Now that the father is serious role model business, I hope he reins in the occasional cuss word. The boy is listening agog, ears flapping. There should be a law that forbids dads from using unprintable language in the presence of legal minors, even if that unprintable language slips out while driving through the mean streets of Mumbai, where, the god knows that even Mamma would be hard pressed to keep her limited and hard earned repertoire of cuss words under wraps.

Also, now that the father is the current object of No Can Do Wrong, I'm getting him to spoon down the veggies into his gullet in full sight of the boy hoping to get superhero emulation of diet underway. I'm also ensuring that I get the Pappa to help around the house more than I did earlier, and I'm hoping my future daughter-in-law will thank me on bended knee for this, even though I have to learn the art of speaking like I'm biting back bullets in order to get the simplest task done without needing to burst a blood vessel in the process of getting it done.
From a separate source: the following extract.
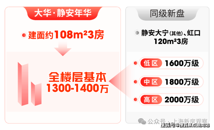 放眼整个静安区,曹家渡17万/㎡,东斯文里和苏河湾项目预计冲击20万/㎡,和大华·静安年华高层差价预计近7万/㎡。旁边虹口新房售价也已达14.78-16.6万/㎡。

I hope when he grows up to be a dad himself, he will remember, with undying gratitude, the 25,876 times his father patiently explained to him how to get the stroke right, without actually, physically getting into the pool but doing a convincing stand-up act at the poolside, with walkers and joggers queuing up to watch and latecomers asking if there were tickets available for the show.

I hope he grows up learning how to be a good, dependable man. I hope he grows up to be his father's son. I hope he learns that it is okay to be strong, but it is better to give strength. And I hope he learns that the greatest superheroes are those hidden in plain sight, in our homes, in our everyday.